Мулагеш тихо смеется:
— Значит, вы мне кота в мешке предлагаете. Отлично. Просто замечательно. А мне-то это за каким хреном сдалось, а?
— Ну… Думаю, Шара считала, что если она лично вас об этом попросит…
Мулагеш меряет его холодным непроницаемым взглядом.
— Хорошо-хорошо. В случае если личной просьбы окажется недостаточно, она попросила передать вам это.
И Питри залезает в сумку и достает оттуда конверт.
Мулагеш рассматривает его:
— Это чего такое?
— Понятия не имею. Премьер-министр собственноручно написала и запечатала это письмо.
Мулагеш берет конверт, вскрывает его и читает письмо. Сквозь бумагу просвечивают чернила. И хотя Питри не может разобрать написанное, похоже, в письме всего пара строчек, и то коротеньких.
Мулагеш смотрит на бумагу огромными пустыми глазами, и рука ее вдруг начинает дрожать. Она сминает письмо и долго смотрит в пустоту, погрузившись в собственные мысли.
— Твою мать, — наконец тихо говорит она. — Откуда, мать ее, она знала…
Питри наблюдает. На плечо ей садится муха, другая приземляется на шею. Мулагеш не замечает.
— А ведь ты это всерьез, иначе бы не писала, — бормочет она. Потом вздыхает и качает головой: — Твою мать.
— Я так понимаю, — осторожно говорит Питри, — вы склонны дать согласие на участие в операции.
Мулагеш окатывает его гневным взглядом.
— Просто спросил, — быстро говорит он.
— Ну ладно. А что ты можешь рассказать мне про эту операцию? Ну?
— Да не очень много. Я знаю, что проходить она будет на Континенте. Еще я знаю, что она связана с вещами, которым влиятельные люди в Галадеше уделяют самое пристальное внимание. И часть из этих влиятельных людей не слишком благосклонно оценивают действия премьер-министра.
— Вот почему у меня такая легенда. Помнится, в прошлые времена мы такой хренью мозги пудрили другим народам, не своему. О времена, о нравы и все такое…

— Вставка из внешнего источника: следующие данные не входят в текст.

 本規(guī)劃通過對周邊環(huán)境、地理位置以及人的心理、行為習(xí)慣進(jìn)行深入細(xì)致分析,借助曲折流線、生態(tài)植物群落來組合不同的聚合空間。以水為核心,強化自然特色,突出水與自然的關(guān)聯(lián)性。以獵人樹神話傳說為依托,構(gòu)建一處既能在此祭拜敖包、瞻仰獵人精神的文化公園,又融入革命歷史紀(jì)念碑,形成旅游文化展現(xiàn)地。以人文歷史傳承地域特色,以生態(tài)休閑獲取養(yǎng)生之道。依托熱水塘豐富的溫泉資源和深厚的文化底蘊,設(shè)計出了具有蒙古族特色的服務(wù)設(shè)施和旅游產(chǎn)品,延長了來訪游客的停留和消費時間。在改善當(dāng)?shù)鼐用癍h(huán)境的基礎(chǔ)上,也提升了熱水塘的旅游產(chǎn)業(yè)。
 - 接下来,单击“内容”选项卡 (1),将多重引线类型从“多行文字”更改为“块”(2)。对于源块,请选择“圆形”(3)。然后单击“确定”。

— В Галадеше все… совсем не просто, — соглашается Питри. — В прессе любят говорить, что Шара находится… э-э-э… «на осадном положении». До сих пор сказываются результаты недавних выборов. Они были для нас… неблагоприятны. Ее усилия по восстановлению Континента крайне непопулярны в Сайпуре, и сторонников у нее больше не становится.

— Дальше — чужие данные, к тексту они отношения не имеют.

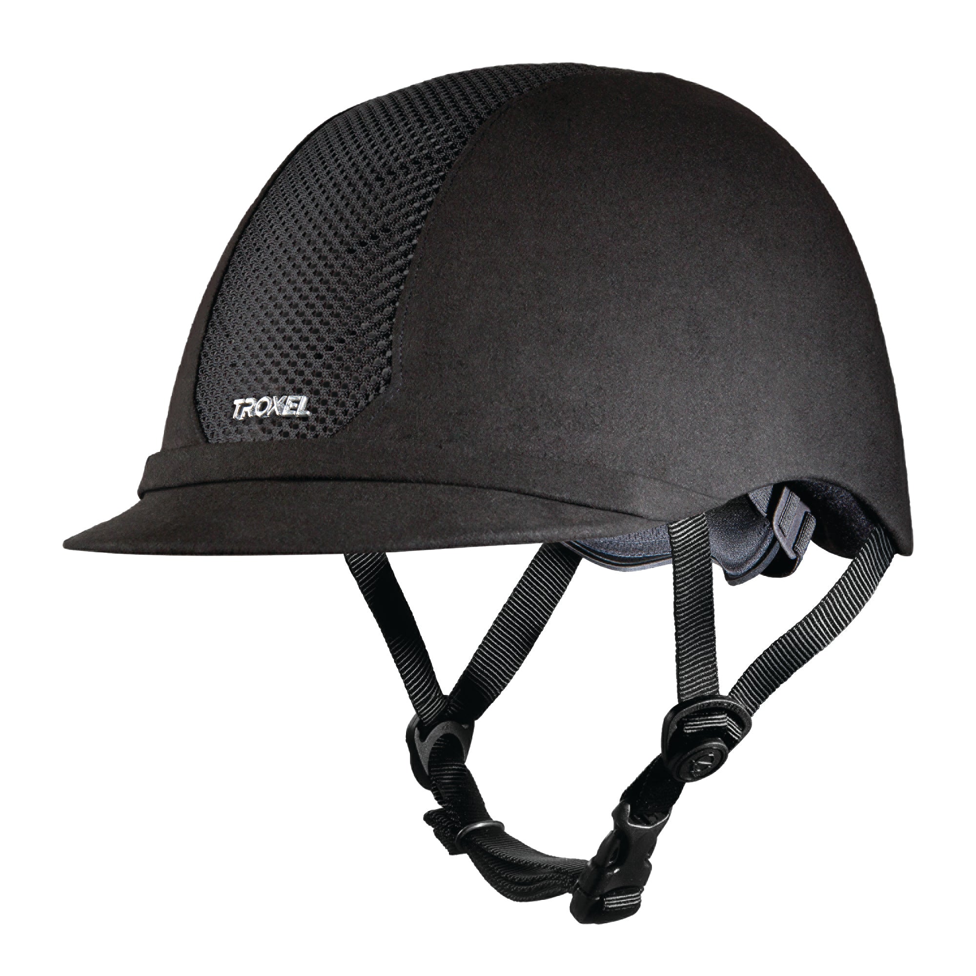 The Troxel® ES Helmet** offers modern, low-profile styling and comfort. The performance microfiber finish stands up to wear while the ultra slim design flatters the rider. Mesh-covered vents allow cooling airflow.

— Еще бы, — усмехается Мулагеш. — Я прекрасно помню, как все партии ликовали, когда ее выбрали. Все думали, что сейчас начнется золотой век, не меньше…
— Пристрастия электората крайне… волатильны. А для некоторых удобнее не вспоминать, что Мирградская битва случилась всего пять лет назад.
Мулагеш прижимает к себе протез, словно деревянная рука может болеть. В гостиной становится ощутимо холоднее, или ему просто так кажется. Мулагеш вдруг становится прежней — тем самым командиром, который не растерялся и громовым голосом дал приказ занять оборону, а вокруг рушились и горели здания, и с небес звучал страшный глас божий…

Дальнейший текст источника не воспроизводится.